Ecom Internal Indexer Job Success Rate Below 99%
This runbook covers the Grafana alert Ecom Internal Indexer Job Success Rate Below 99%.
The alert fires when internal ecom indexer jobs for an account/index have less than 99% success over 30 minutes. Internal jobs are system-initiated writes, such as fork/reindex or maintenance traffic. Because Marqo controls these requests, failures usually indicate a platform, settings, data-shape, or destination-index issue rather than customer input.
Triage
- Use the alert labels to identify
label_system_account_idandlabel_index_name. - Check
prod-EcomIndexerFunctionlogs for the affected account/index and recent internal jobs. - Inspect
prod-EcomIndexerJobsTablefor jobs withis_internal = trueand terminal statuses other thanCOMPLETED. - Check whether failures are concentrated on one operation, destination index, reindex/fork, or new field/backfill.
- Classify the failure:
- 4XX-style failures usually mean the payload or destination index config is invalid.

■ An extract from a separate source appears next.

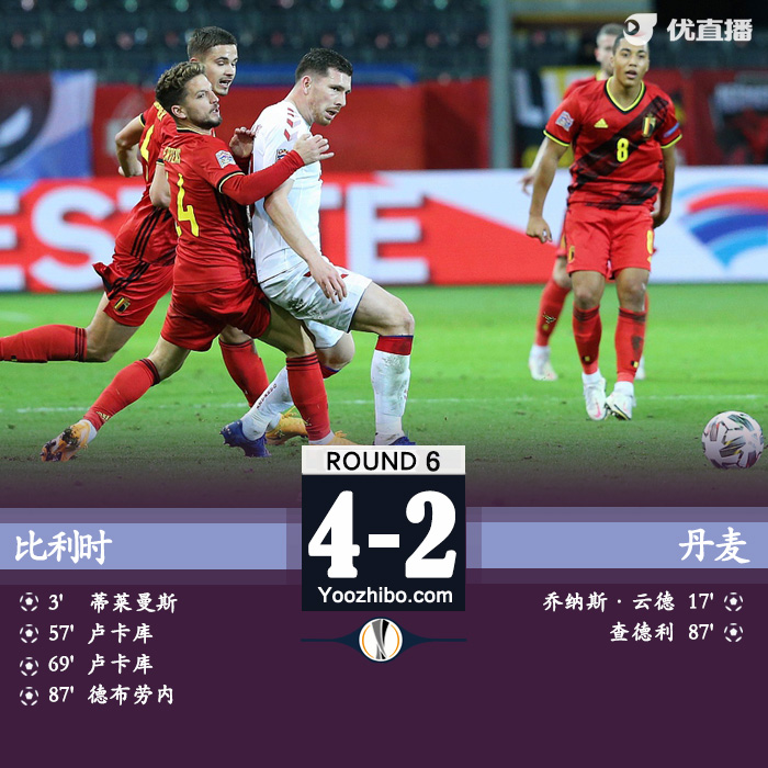 优直播讯:北京时间11月19日03:45(比利时当地时间18日20:45),2020/21赛季欧国联A组第2小组第6轮一场焦点战在鲁汶的皇权球场展开争夺,比利时主场4比2力克丹麦,蒂莱曼斯进球,卢卡库梅开二度,德布劳内传射。比利时夺得小组头名。
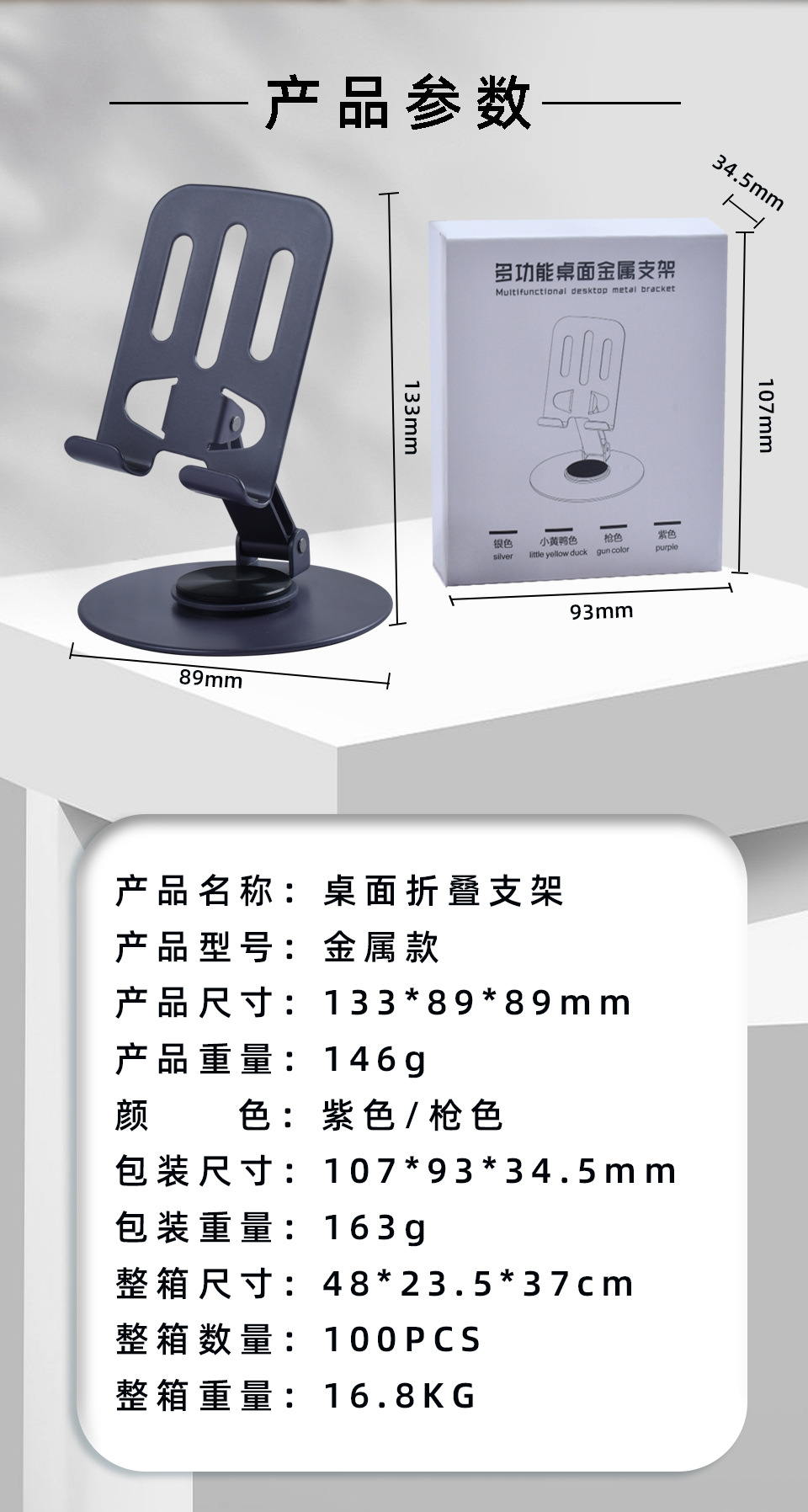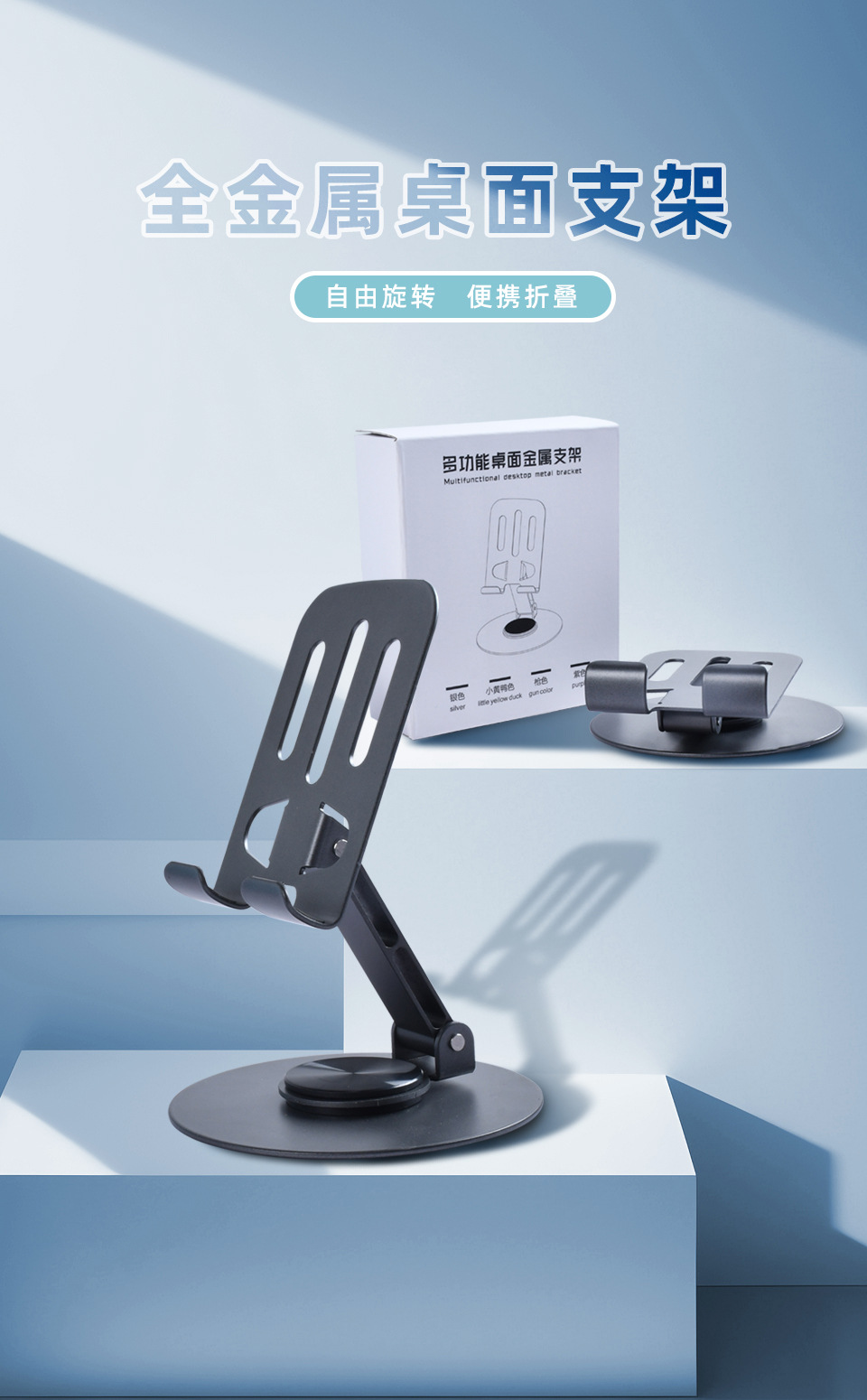 新款合金360度旋转桌面手机支架直播便携式折叠懒人平板手机支架

- 5XX-style failures usually mean Marqo, ecom API, or downstream infrastructure failed the request.
Useful starting point:
aws logs tail /aws/lambda/prod-EcomIndexerFunction --since 30m --filter-pattern "?ERROR ?Traceback ?Exception"
See Add Documents, Debugging indexer failures, and Reindexing.
Remediation
- If payloads are invalid, fix the generator/replay path before retrying failed jobs.
- If settings, aliases, or destination index visibility are wrong, fix those first and verify the ecom API can route the internal request.
- If the destination index is overloaded, scale cautiously and monitor data-plane CPU/GPU/Vespa health before increasing indexing concurrency.
- Redrive or re-run internal jobs only after the root cause is fixed and after checking whether replay can overwrite newer writes.
Validation
- New internal jobs for the affected account/index complete successfully.
- Failed internal job count stops increasing.
- The alert clears after the 30 minute lookback no longer contains failed internal jobs.